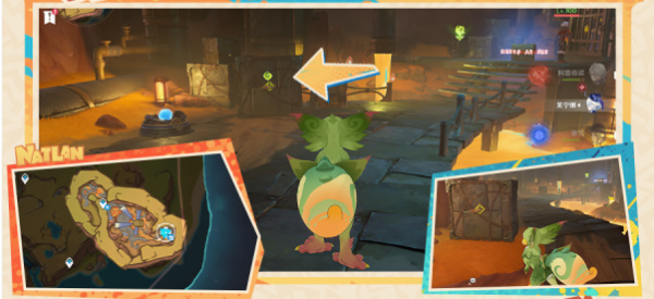 2、附身匿草龙,顺着管道前进,来到下图这个位置(触发剧情),吸取岩浆里的球,发射到铁门前的底座上,就可以开启铁门。
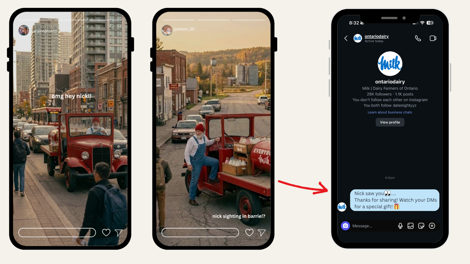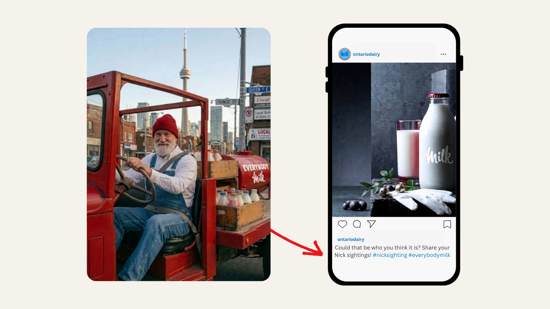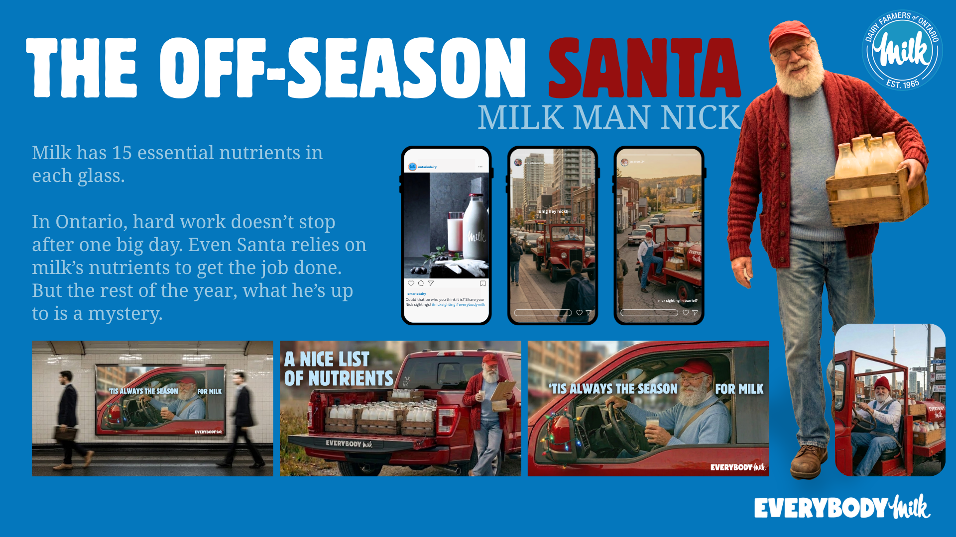 Milkman Nick will be delivering milk to partnering cafes across Ontario with DFO encouraging people to share their Nick sightings as a campaign for social amplification.
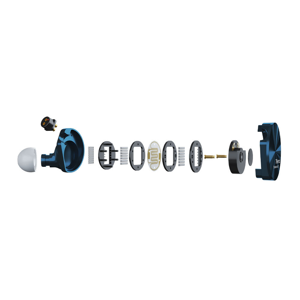 Instead of a Black theme on the earpieces, the shells now have a stunning Blue color theme that looks bright and full of life. Each earphone shell is made of a whole piece of aviation-grade aluminum CNC, with the highest strength level of hard oxidation treatment. It is durable and wear-resistant. The evenly placed sound track faceplate is like an infinity pool-timeless sound from here.
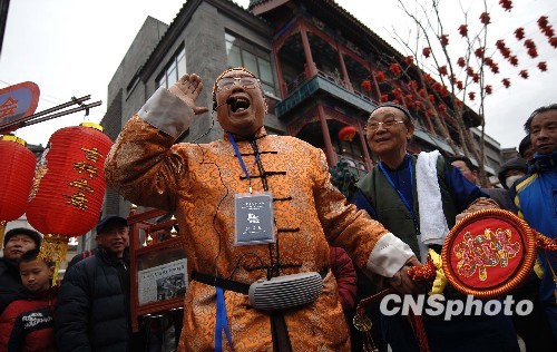 2月28日农历正月十五元宵节,北京举行前门天街上元灯会,北京叫卖真人艺术团张振元(左)在天街以老北京人的“歌喉”,为节日游人演唱近百年的北京商贩的叫卖声。中新社发 邹宪 摄
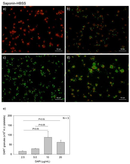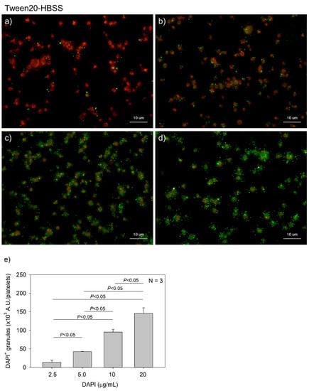 Figure 4 and Figure 5 show the effects of DAPI concentrations on polyP detection in platelets. Compared to DNA staining, PolyP staining may require higher concentrations of DAPI. However, to minimize unidentified non-specific binding and reduce the expense of unnecessary dye without sacrificing data reliability, we optimized the concentration of DAPI. DAPI at 2.5, 5.0, 10, and 20 μg/mL (green) was examined in both 0.1% Tween-20-containing HBSS (Tw-HBSS) (Figure 4) and 0.02% saponin-containing HBSS (Spn-HBSS) (Figure 5). A parametric test revealed that in Figure 4, DAPI dose-dependently increased the values and that the rate of increase was suppressed between 10 and 20 μg/mL, and that in Figure 5, the values reached the plateau at 10 μg/mL DAPI. Thus, maximal staining was commonly observed at 20 and 10 μg/mL DAPI in Tween-20 and saponin, respectively. Therefore, to reduce possible non-specific binding, we used 10 μg/mL DAPI in all the subsequent experiments.
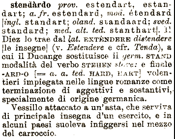 .servi" di principale insegna d'un esercito, e u alcuni paesi suoleva infiggersi nel mezz stendardo prov. estendart, estandart; a.fr. estendard, yerm. STA--':) modalità del verbo STKHSN .^^ •:-; 'i•' ••c -ARD-O [=== mod. étendard \ingl. standart; oland. standaard; sve'^ standard; med. alt. ted. stantharfcj. .i Diez lo trae dal lat. RXTÈNDBRE distendere [le insegne) (v. Estendere e cfr. Tenda), a cui il Ducange sostituisce il romanze come terminazione di aggettivi e sostantivi. specialmente di origine germanica. Vessillo attaccato a un^asta, che a. a. ted. HAIZD, HAK'.'J v.'J-.-u* tieri impiegata nelle lingue del carroccio.
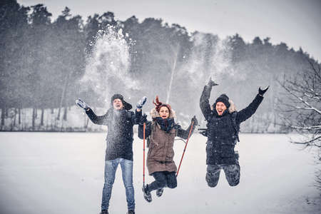 A group of joyful friends having fun together, hiking on a snowy forest
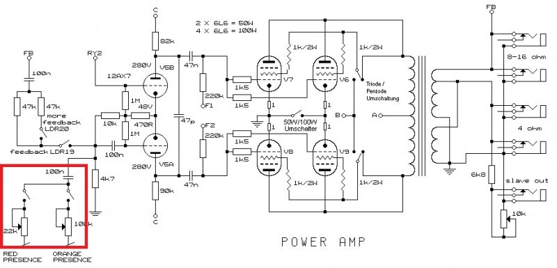 A végfokozatban levő prezenc máshogy működik,mint az előfokozaté. Az előfokozaté vágja a magasat, tompít, míg ez a vég átfogó visszacsatolásába avatkozik be. Azt szabályozza, hogy magas frekvenciákon mennyire fogja vissza a hangszórót a végfokozat. Más más a hatás. Próbáld ki, semmibe nem kerül, amelyik tetszik, azt meg bennhagyod...A 4,7k kéne, egyrészt, hogy egyáltalán működjön a fázisfordító, másrészt a 47k-k vele képezik a visszacsatolást a kimenő szekunderéről...Ezt söntöli a 100nF+100k/22k.
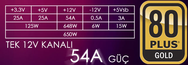 Corsair AX650 tek 12V kanalına sahiptir. Bu sayede üst seviye ekran kartlarının ve çok çekirdekli overclock yapılmış işlemcilerin ihtiyacı olan akım değerini çok rahat şekilde sağlamaktadır. Stabil bir çalışma ortamı sunar. Verebildiği gücün neredeyse tamamına yakınını bu kanal üzerinden aktarabilir.
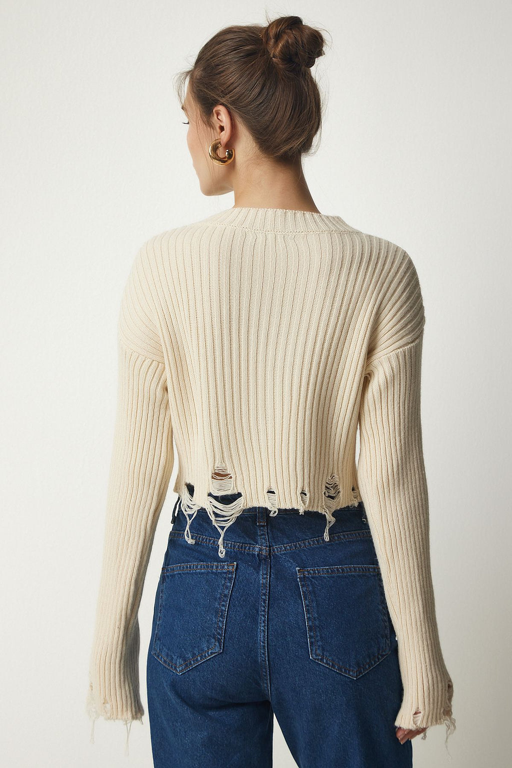 Women's Cream Torn Detailed Triko Crop sweater YY00181
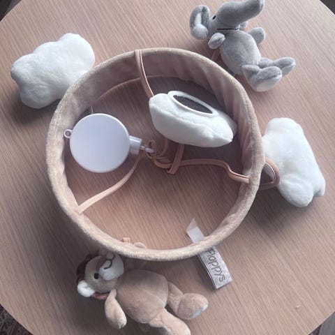 Mjuka fina figurer i form av mus, ko, två stjärnor och en spegel i mitten (solen) riktad neråt så att barnet kan se sig själv. Inklusive arm och speldosa. Fästet passar det flesta sängar och vaggor.
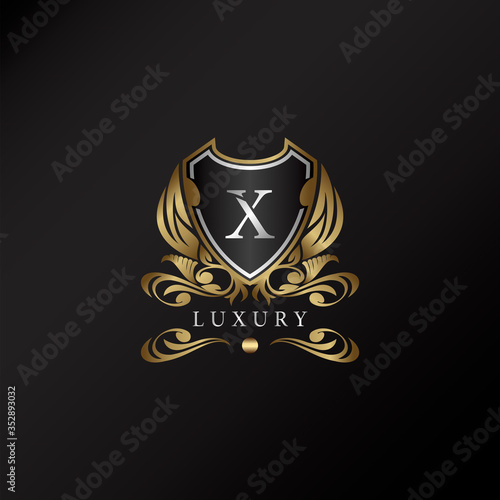 Obraz premium Shield logo in gold color with letter X Logo. Elegant logo vector template made of wide silver alphabet font on shield frame ornate style.
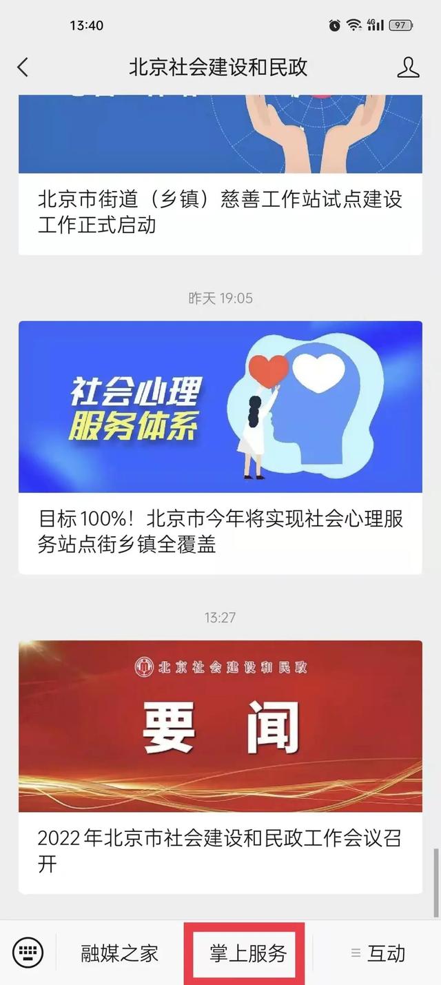 1、点击下方公众号卡片,快捷关注“北京社会建设和民政”微信公众号,或在微信公众号搜索“北京社会建设和民政”,关注并进入。
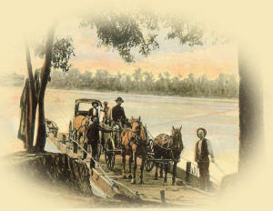 This ferry carried the first settlers across the river, and was a short distance north of the bridge crossing at Eaton Town. The last mentioned trail followed a northerly direction to the top of the hill west of the Black River bridge, or the Harlow hill as this was later known; thence perhaps more north than west over the high ridge for several miles. These trails were naturally rough, owing to the knolls, roots and boulders, and in the low places, new trails would be made around these obstructions, the old track soon growing to thick brush. These roads were a1ways wet, owing to the low level, and the thickly standing timber. Because of the deep mud, no wagons could be used, and the jumper and the pung came into popularity.
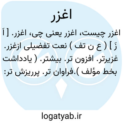 لغت نامه دهخدا اغزر. [ اَ زَ ] ( ع ن تف ) نعت تفضیلی ازغزر. غزیرتر. افزون تر. بیشتر. ( یادداشت بخط مؤلف ).فراوان تر. پرریزش تر: و کلما کان البحر اغزروا بعد قعراً کان العنبر اجود. ( اخبار العین و الهند ص 6 ). واما الزیبق والذهب و سائر ما یکون فی العماد فاغزرها مایرتفع من ماوراءالنهر. ( صورة الاقالیم اصطخری ).
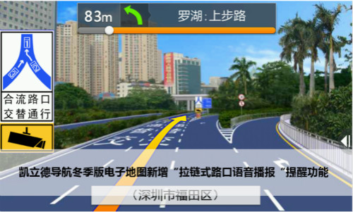 新增拉鏈式路口語音播報及路口放大圖提醒功能是凱立德C-Car版冬季系列的一大亮點。語音播報一直是導航產品必不可少的功能,是在駕駛過程中最符合駕駛者習慣和駕駛環境的重要功能。凱立德C-Car版冬季系列結合最新交通規則將拉鏈式路口行駛規則寫入導航系統,并使用語音播報,旨在幫助提醒用戶在遇到拉鏈式路口時注意交替通行,免受違章罰單困擾;同時,還可有效的降低路口擦碰事故,提高出行效率。
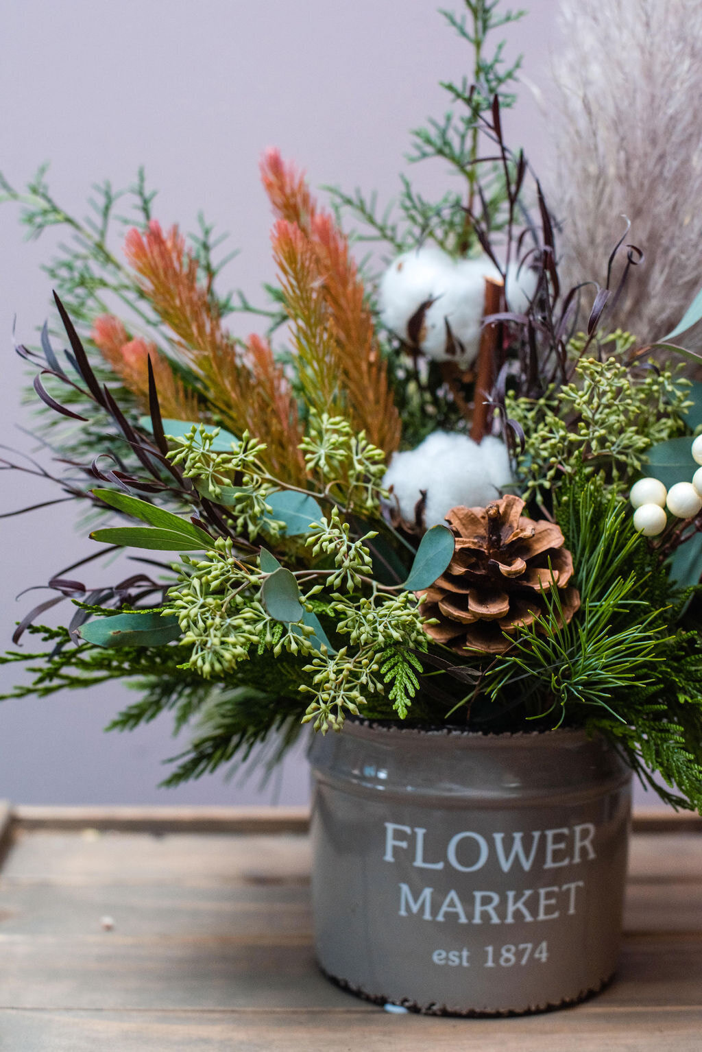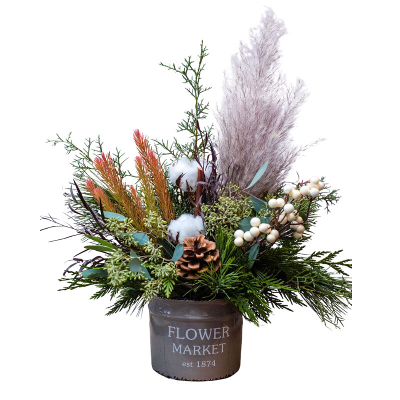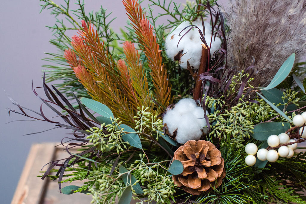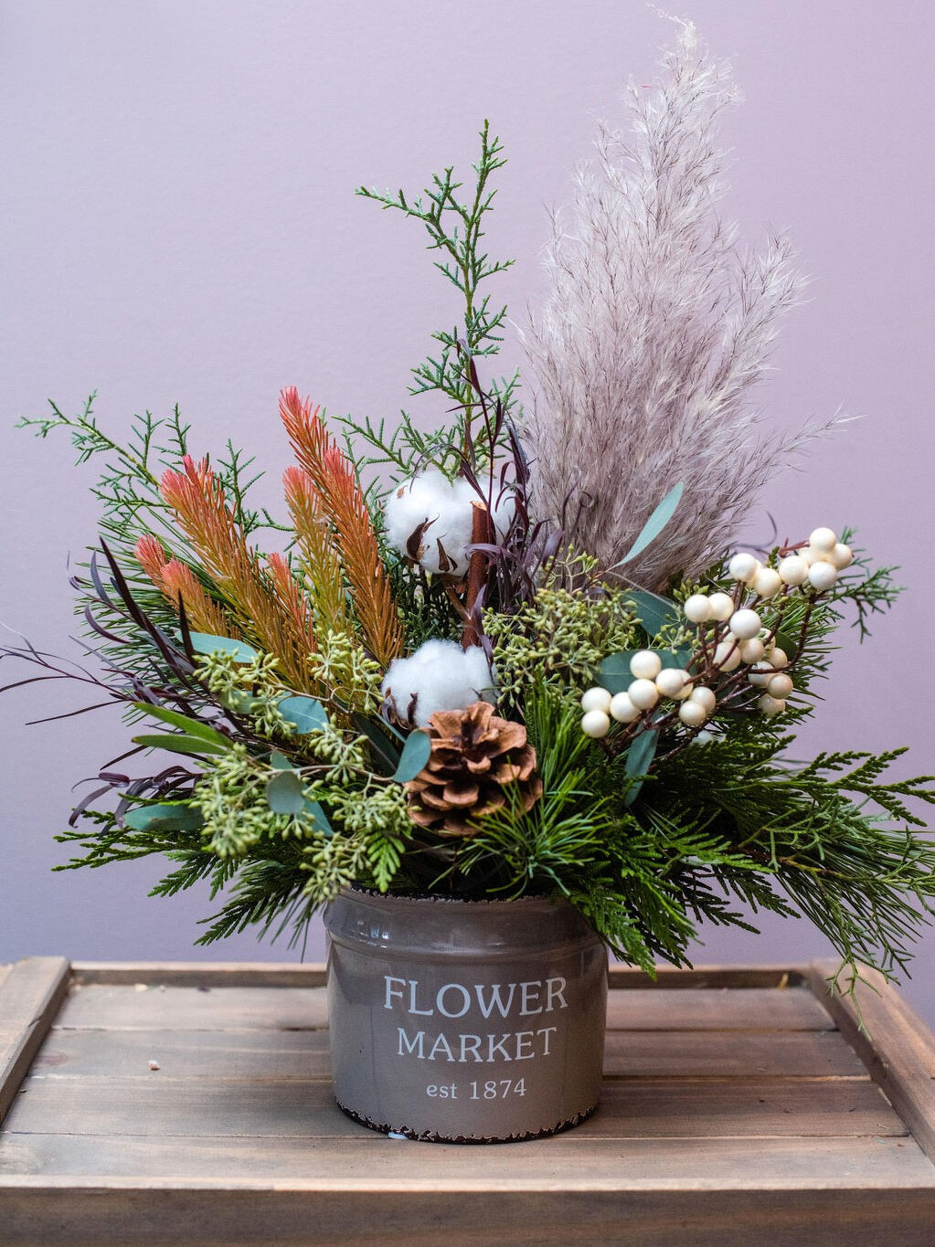 This gorgeous array of natural elements including cotton, pampas, evergreens, pine cones and eucalyptus will dry very similar to the arrangement.
=======
# DIRECTIONS FOR THIS TASK:
Reproduce exactly, with no pictures, the lines above from the one holding "A group of joyful" to the one holding "1、点击下方公众号卡片,快捷", inclusive.

# OUTPUT BELOW:
 A group of joyful friends having fun together, hiking on a snowy forest
 A végfokozatban levő prezenc máshogy működik,mint az előfokozaté. Az előfokozaté vágja a magasat, tompít, míg ez a vég átfogó visszacsatolásába avatkozik be. Azt szabályozza, hogy magas frekvenciákon mennyire fogja vissza a hangszórót a végfokozat. Más más a hatás. Próbáld ki, semmibe nem kerül, amelyik tetszik, azt meg bennhagyod...A 4,7k kéne, egyrészt, hogy egyáltalán működjön a fázisfordító, másrészt a 47k-k vele képezik a visszacsatolást a kimenő szekunderéről...Ezt söntöli a 100nF+100k/22k.
 Corsair AX650 tek 12V kanalına sahiptir. Bu sayede üst seviye ekran kartlarının ve çok çekirdekli overclock yapılmış işlemcilerin ihtiyacı olan akım değerini çok rahat şekilde sağlamaktadır. Stabil bir çalışma ortamı sunar. Verebildiği gücün neredeyse tamamına yakınını bu kanal üzerinden aktarabilir.
 Women's Cream Torn Detailed Triko Crop sweater YY00181
 Mjuka fina figurer i form av mus, ko, två stjärnor och en spegel i mitten (solen) riktad neråt så att barnet kan se sig själv. Inklusive arm och speldosa. Fästet passar det flesta sängar och vaggor.
 Obraz premium Shield logo in gold color with letter X Logo. Elegant logo vector template made of wide silver alphabet font on shield frame ornate style.
 1、点击下方公众号卡片,快捷关注“北京社会建设和民政”微信公众号,或在微信公众号搜索“北京社会建设和民政”,关注并进入。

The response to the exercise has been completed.